Echoing that I would love Aiko's thoughts as well. My input:

Do we want to replace&reuse the existing articletopics weighted_tags prefix with the data obtained from this model? existing ORES predictions will stay until the page is edited and have the new predictions pushed.

  • @KStoller-WMF and I discussed this a while back and concluded that we were both fine with allowing existing ORES predictions to remain until an edit is made to the article and they are overwritten (no backfill). This should be much simpler, the existing ORES model is generally fine just limited in scope, and we can't think of any use-case where it's important to do a full refresh beyond potential confusion about the sources of erroneous predictions.

The articletopics model requires some thresholds to be computed to better filter the predictions (https://gist.github.com/halfak/630dc3fd811995c2a0260d43da462645), does the outlink topic model requires something similar or can we simplify this by using static thresholds for all predictions (e.g. hardcode 0.5)?

We've been hard-coding 0.5 in part for simplicity and because that's how the model is trained.
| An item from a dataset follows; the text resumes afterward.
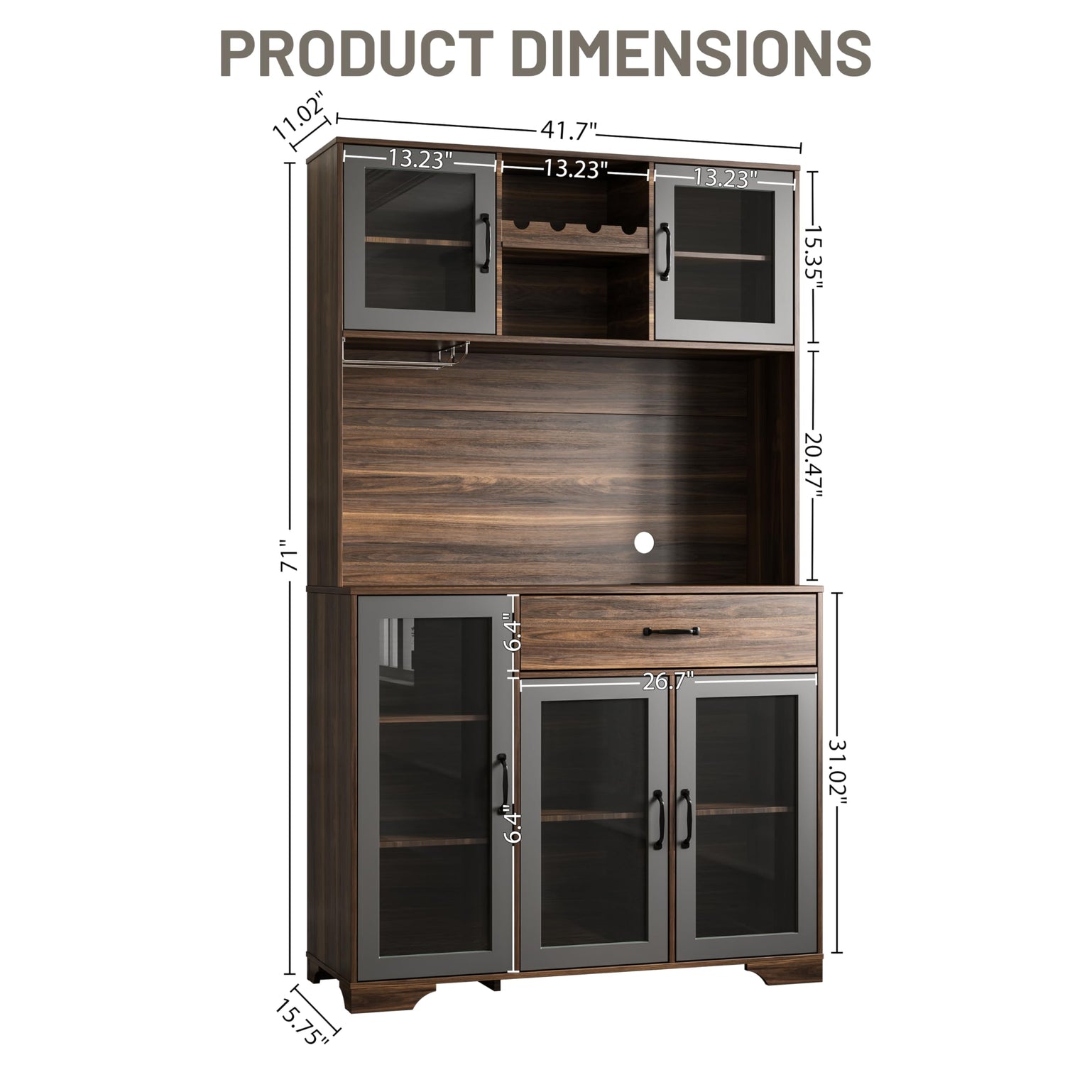 Fatmok Kitchen Pantry Cabinet, 71" Tall Liquor Cabinet with Glass Doors, Adjustable Shelves, Drawer, Coffee Bar Wine Cabinet with LED Lights, Power Outlet & Wine Rack, Buffet Cabinet with Storage

I think thresholds are less of an issue for the outlinks model than the original ORES models because my experience is that the new model tends to have a bit better separation (a lot of scores above 0.9 or below 0.1). If we begin to see issues with that (there are definitely some topics under History/Society where it's more common to see scores hovering around 0.5 and lower thresholds might be beneficial), I can look into something similar to that script for tuning thresholds (thanks for the link to the gist).

We also import the ORES drafttopics model predictions, can they be replaced with the outlink topic model ones?
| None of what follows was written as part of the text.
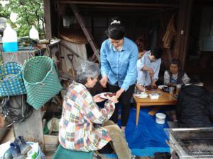 先日の連休にやってきた友人と一緒に行った最上公園。桜がまだ咲いているというウワサを聞いたので。行ってみると桜はほぼ散りきった様子でしたが、広場ではあの有名なかど焼きをやっていました。奥ではブロックにクシを並べて百本ほどのかどが煙を上げて焼かれています。さっそくみんな一本ずつ購入。会場に敷かれたシートの上に4人で車座にすわり、最上の春の味覚を堪能しました。

Good question about drafttopic. I have not done formal testing but thoughts below:

  • Context: drafttopic has identical goals to articletopic or outlinks but is fine-tuned to make predictions for first drafts of articles. First drafts are also when articles are least likely to contain links, which are what the new outlinks model uses for predictions. That means that the outlinks model does perform worse on these articles -- FYI some performance stats. And these articles are important because they're likely less discoverable in general so finding a good solution to handle them would be very nice. The drafttopic model, however, only works for English Wikipedia so it's not a panacea.
  • Potential approaches:
    • Do nothing: run both models and I presume use the union of their predictions?
      • Benefits: minimal changes to existing workflow.
      • Drawbacks: doesn't reduce the maintenance debt that much or help with draft articles in other languages.
    • Simplify: get rid of drafttopic model.
      • Benefit: single model for topic suggestions makes maintenance way easier.
      • Drawbacks: performance will suffer for low-link articles. I also don't know if there are other end-users of drafttopic that would be impacted.
    • Compromise: set up a basic decision tree for which model to use -- e.g., if <5 links on enwiki, use drafttopic, else use outlinks.
      • Benefits: probably improved coverage for English Wikipedia and we only run drafttopic when it's most likely to help.
      • Drawbacks: maintaining multiple models still on LiftWing and doesn't help languages outside of English.
    • Have cake and eat it too (?): for many languages, we have add-a-link models (see T307881) that will take articles and predict what links could be added. We could do something similar to the option above but instead of using drafttopic, we could add a separate pre-processing pipeline that instead predicted links for an article if there aren't enough already and use those predicted links to make the predictions. We might want to do some testing if we go down this route and @AikoChou in particular I'm curious whether you think this is feasible. It wouldn't get us full language coverage but there's separate work to extend add-a-link to many many languages so at least we benefit from that for free essentially.
      • Benefits: in theory great language coverage and good predictions for low-link articles. Could potentially deprecate drafttopic if not being used elsewhere. If we codify this within the outlinks model preprocessing on LiftWing, Search doesn't have to know anything about it so easier maintenance.
      • Disadvantages: untested and new external dependency of add-a-link model outputs for small proportion of articles.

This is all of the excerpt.